DECLARE @ts DATETIME; DECLARE @repeat INT = 10000; DECLARE @r INT; DECLARE @i INT; DECLARE @dummy1 VARCHAR; DECLARE @dummy2 VARCHAR; DECLARE @dummy3 INT; DECLARE @s1 CURSOR; DECLARE @s2 CURSOR; SET @r = 0; WHILE @r < 5 BEGIN SET @r = @r + 1 SET @s1 = CURSOR FOR SELECT first_name, last_name, count(fa.actor_id) AS c FROM actor a LEFT JOIN film_actor fa ON a.actor_id = fa.actor_id WHERE last_name LIKE 'A%' GROUP BY a.actor_id, first_name, last_name ORDER BY c DESC SET @s2 = CURSOR FOR SELECT first_name, last_name, ( SELECT count(*) FROM film_actor fa WHERE a.actor_id = fa.actor_id ) AS c FROM actor a WHERE last_name LIKE 'A%' ORDER BY c DESC SET @ts = current_timestamp; SET @i = 0; WHILE @i < @repeat BEGIN SET @i = @i + 1 OPEN @s1; FETCH NEXT FROM @s1 INTO @dummy1, @dummy2, @dummy3; WHILE @@FETCH_STATUS = 0 BEGIN FETCH NEXT FROM @s1 INTO @dummy1, @dummy2, @dummy3; END; CLOSE @s1; END; DEALLOCATE @s1; PRINT 'Run ' + CAST(@r AS VARCHAR) + ', Statement 1: ' + CAST(DATEDIFF(ms, @ts, current_timestamp) AS VARCHAR) + 'ms'; SET @ts = current_timestamp; SET @i = 0; WHILE @i < @repeat BEGIN SET @i = @i + 1 OPEN @s2; FETCH NEXT FROM @s2 INTO @dummy1, @dummy2, @dummy3; WHILE @@FETCH_STATUS = 0 BEGIN FETCH NEXT FROM @s2 INTO @dummy1, @dummy2, @dummy3; END; CLOSE @s2; END; DEALLOCATE @s2; PRINT 'Run ' + CAST(@r AS VARCHAR) + ', Statement 2: ' + CAST(DATEDIFF(ms, @ts, current_timestamp) AS VARCHAR) + 'ms'; END;
Run 1, Statement 1: 2626 Run 1, Statement 2: 20340 Run 2, Statement 1: 2450 Run 2, Statement 2: 17910 Run 3, Statement 1: 2706 Run 3, Statement 2: 18396 Run 4, Statement 1: 2696 Run 4, Statement 2: 19103 Run 5, Statement 1: 2716 Run 5, Statement 2: 20453Oh my… Wait a second. Now suddenly, the correlated subquery is factor 5… more energy consuming (remember: kilowatts). Who would have thought?

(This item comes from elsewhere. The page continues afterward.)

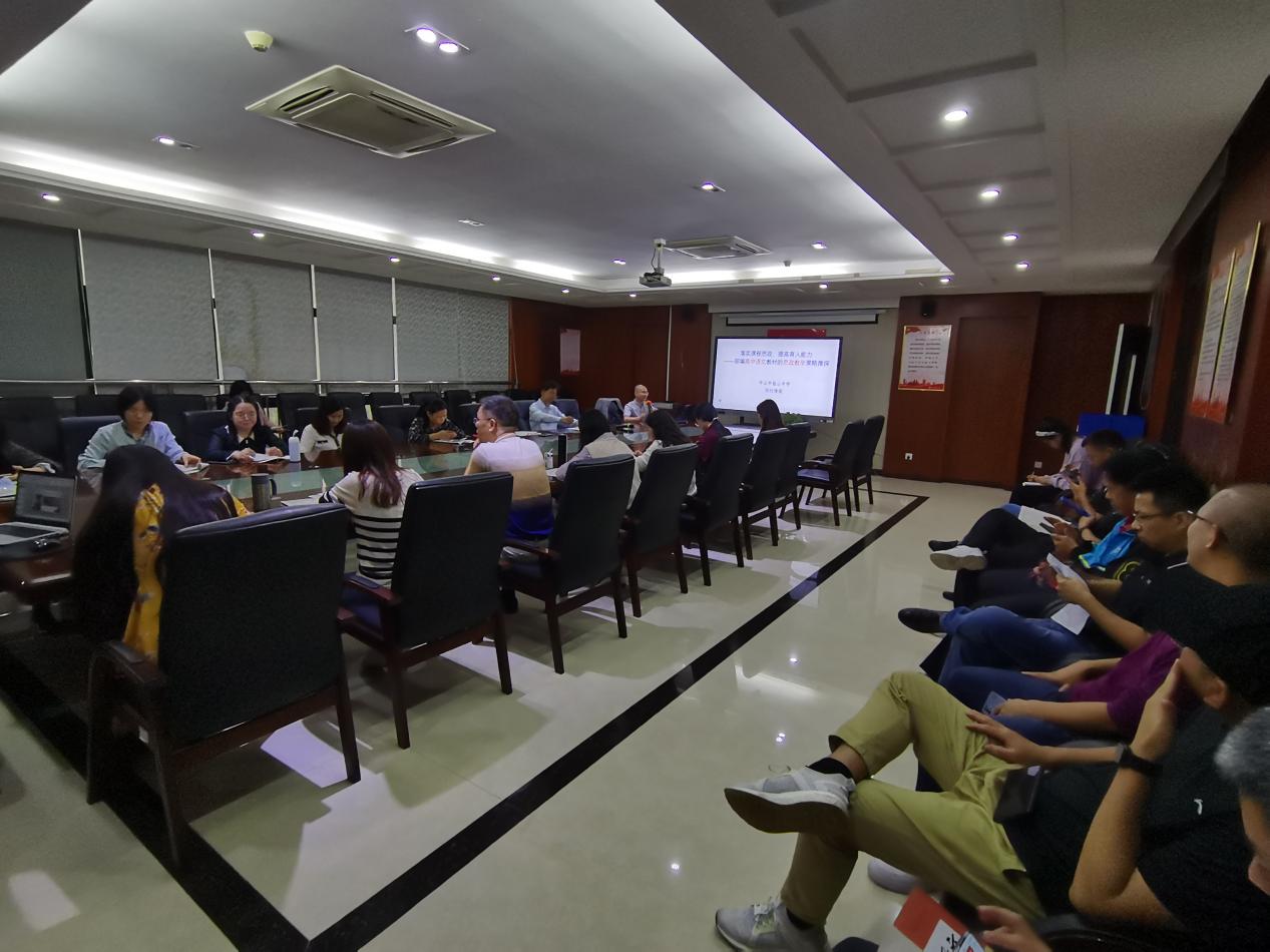 為落實課程思政,提高育人能力,在桂山中學語文科組召集人曹永明老師的主持下,桂山中學語文科組于2022年11月24日在育賢樓六樓大會議室舉辦了語文思政教研活動。本次教研活動由劉付海俊老師主講,學校全體語文老師出席參加。

ConclusionThis article won’t explain the differences in execution time between the different databases. There are a lot of reasons why a given execution plan will outperform another. There are also a lot of reasons why the same plan (at least what looks like the same plan) really isn’t because a plan is only a description of an algorithm. Each plan operation can still contain other operations that might still be different. In summary, we can say that in this case (I can’t stress this enough. This isn’t a general rule. It only explains what happens in this case. Don’t create the next SQL myth!), the correlated subquery and the LEFT JOIN performed in the same order of magnitude on PostgreSQL (subquery being a bit faster), the correlated subquery drastically outperformed the LEFT JOIN in Oracle, whereas the LEFT JOIN drastically outperformed the correlated subquery in SQL Server (despite the plan having been the same!) This means:
- Don’t trust your intitial judgment
- Don’t trust any historic blog posts saying A) is faster than B)
- Don’t trust execution plans
- Don’t trust this blog post here, because it is using uncomparable time scales (seconds vs newtons vs kilowatts)

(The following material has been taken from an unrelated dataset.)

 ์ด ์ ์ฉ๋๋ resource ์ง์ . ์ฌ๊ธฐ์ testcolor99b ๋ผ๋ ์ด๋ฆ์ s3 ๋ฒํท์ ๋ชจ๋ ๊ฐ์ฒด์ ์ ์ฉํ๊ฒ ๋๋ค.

- Don’t fully trust your own benchmarks, because you’re not measuring things as they happen in production
- Even for such a simple query, there’s no optimal query for all databases
6 thoughts on “How to Benchmark Alternative SQL Queries to Find the Fastest Query”
Small correction: Oracle performance units are called Larrys, not Newtons ;-)
You’re totally right. Fixed!
Your units are funny, but maybe you could keep it simpler by scaling all values so that the fastest (or slowest) result for a given database would be 1.0. If you don’t like the idea, then I’d recommend to use furlong per fortnight (you’re measuring speed, right?).
A small rant: Assuming there’s really such a thing like 4GL (starting in the seventies), then we should have 20GL by now, shouldn’t we?
I wonder how it comes that nearly no database “sees” that the queries are equivalent. I’d naively expect, such insight is a prerequisite for optimizations.
I did scale the results. There always is a result that is 1.0, I just didn’t display it. Furlong per fortnight sounds reasonable too, will remember for the next time.
Yeah, 4GLs should be a trivial thing compared to modern languages. We should all be asking Siri to compute things by now. But we aren’t.
There are many reasons why a database doesn’t “see” that the queries are equivalent. Mostly, transformations are omitted because each transformation (especially when cost based) adds a tremendous amount of complexity to the optimisation algorithm, which may already have a hard enough time to figure out the best order of joins.
In theory, all these transformations were known in the 70s. In practice, only recent computation power has allowed to actually explore many of them. Perhaps, machine learning will help an optimiser find a better path towards the best plan than costing statistics, though.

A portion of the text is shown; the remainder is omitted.